Марсиаль со стоном откинулся на подушку.
— Нет, право, ты чудак! — мягко сказала Дельфина. — Почему ты притворяешься, будто не знаешь того, что тебе отлично известно?
— Я не притворяюсь! Говорю тебе, я стараюсь не думать об этом, потому что мне больно. Невыносимо.
— Почему невыносимо? А ты подумай. Твоей дочери двадцать три года. Она такой же человек, как все. А не весталка. Неужели ты попрекаешь ее тем…
— Ничем я ее не попрекаю. Но сколько бы ты мне ни толковала насчет всякой там эволюции нравов и тому подобном — для других пожалуйста, тут я ничего против не имею, потому что на других мне начхать, но моя дочь — нет, это совсем иное дело.
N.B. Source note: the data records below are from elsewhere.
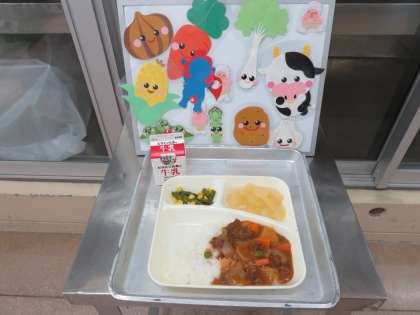 今日の献立は、ハヤシライス・洋なし(カット缶)・グリーンアスパラガスとコーンのサラダ・牛乳です。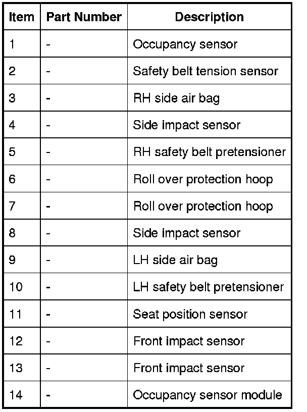 - An occupancy sensor, installed under the cushion of the front passenger seat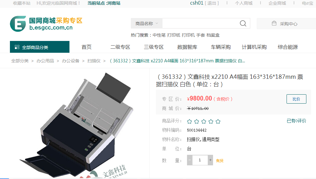 第二步:選擇所選物料的具體分類+物產電商一級專區(店鋪)+文鑫科技(品牌)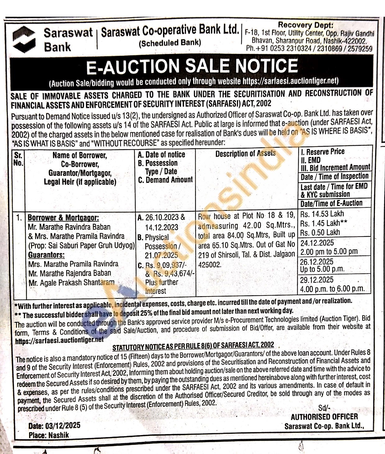 Row house at Plot No 18 & 19, admeasuring 42.00 Sq.Mtrs., total area 84.00 Sq.Mtrs, Built up area 65.10 Sq.Mtrs. Out of Gat No 219 of Shirsoli, Tal. & Dist. Jalgaon 425002

Дочери наших друзей пусть себе спят с кем хотят, хоть по десять раз на дню, если это им нравится, бедным овечкам. Но Иветта… Как хочешь, не могу с этим смириться — все мое нутро протестует!
— А ты постарайся внять голосу разума. Ты хочешь, чтобы Иветта была счастлива?
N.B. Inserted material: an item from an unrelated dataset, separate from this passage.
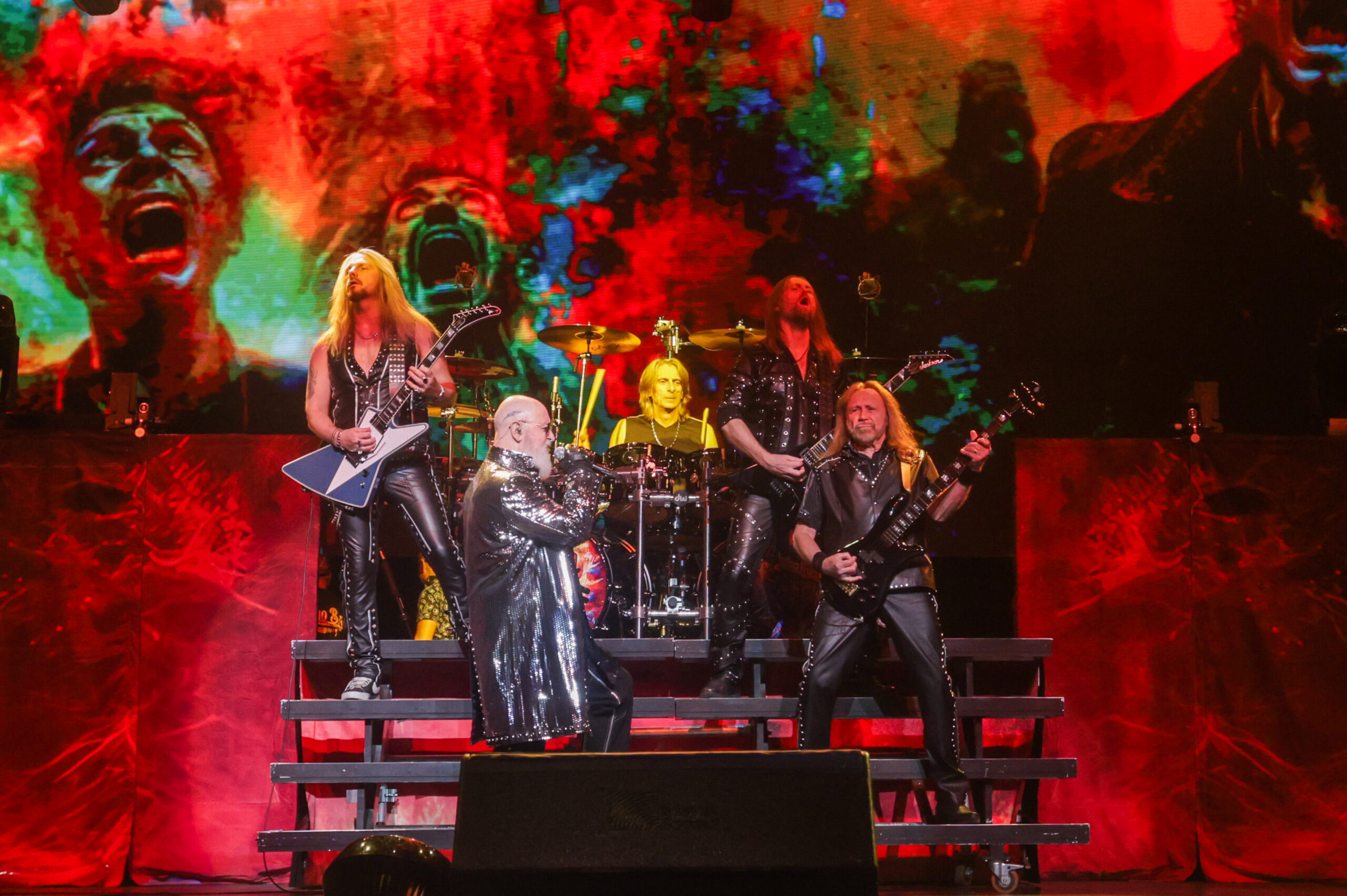 “Panic Attack” abre a apresentação, e a escolha é perfeita já que sua velocidade e força fazem a galera começar a pular e a cantar junto, sobretudo o refrão. Sem o menor espaço para respirar, já soltam o primeiro clássico, “You’ve Got Another Thing Comin’” e o público delira. O bombardeio continua incessante com “Rapid Fire” e o classicaço “Breaking The Law”: a casa toda indo completamente ao delírio, cantando, mexendo os braços e chacoalhando a cabeça, e assim que soa a última nota, Richie Faulkner já engata os primeiros acordes da extraordinária “Riding On The Wind”, uma música que exige de Rob Halford aqueles tons agudos e duradouros.

— Еще бы! Конечно, хочу. Нелепый вопрос!
— Ну так вот. Счастья без любви не бывает. Как правило, — добавила она, чуть понизив голос.
— Но я же не против, чтобы она полюбила своего сверстника и вышла за него замуж! Если она выйдет за красивого парня, славного малого, хорошего спортсмена, с которым я смогу поладить, за парня — ну, вроде каким я был в двадцать лет, счастливей меня не будет человека на свете. Я полюблю его как сына.
— Да ведь это чистейшая самовлюбленность!
— При чем здесь самовлюбленность! Что ты выдумываешь?
Она посмотрела на него долгим, проницательным взглядом, который не раз смущал Марсиаля, но в этот вечер была в Нем какая-то нежность, ласковое сочувствие, может быть, и доля иронии, как если бы Дельфина проникла в тайну Марсиаля, которую сам он еще не разгадал, хотя только что сформулировал ее как нельзя более точно: это была банальнейшая тайна многих отцов, которые, сами того не подозревая, влюблены в своих дочерей и передоверяют эту свою любовь молодому человеку, с которым себя отождествляют, видя в нем свое собственное повторение.
Несколько дней у Марсиаля с Иветтой отношения были слегка натянутыми.
С Жан-Пьером дело обстояло проще. Он объявил о своей помолвке с Долли, той самой девушкой, которая уже несколько месяцев была его подружкой. Долли изучала социологию в Университете. Она была дочерью директора весьма процветающего завода по производству металлических труб. Этот брак успокоил Марсиаля Англада. После майских событий 68 года он некоторое время побаивался, как бы его сын не стал одним из тех болтливых, праздных и озлобленных мечтателей, которые паразитируют за счет существующей государственной системы, ожидая, пока другие ее взорвут. Жан-Пьер по-прежнему произносил революционные речи, но они несколько утратили свой пыл под направляющим воздействием социологии и металлических труб. До сих пор Жан-Пьер подражал неряшливости радикальных бунтарей. И вдруг с места в карьер ударился в крикливое франтовство: пестрые куртки, шелковые рубашки с вышивкой, бурнусы, марокканские джелабы, сапожки из самой дорогой кожи. Его грива была вверена заботам модного парикмахера, и Жан-Пьер стал похож на Жорж Санд, разве что был чуть поженственнее.
Юбер Лашом горячо одобрил выбор Жан-Пьера. Социология… Что может быть лучше! Самая передовая наука, весь Нантер бредит социологией. Это самый высокий класс. Юбер упомянул Леви-Стросса, Люсьена Гольдмана, Анри Лефебра — причем с таким почтением, с каким Сен-Симон говорил о герцогинях. Ну а что до металлических труб, то любое производство может быть почтенным, все зависит от размаха предприятия. Ах, они экспортируют свою продукцию в Советскую Россию? Тем лучше. Чего же вам еще? Да вдобавок у них собственный особняк в Отейе? Великолепно! Жан-Пьеру на редкость повезло.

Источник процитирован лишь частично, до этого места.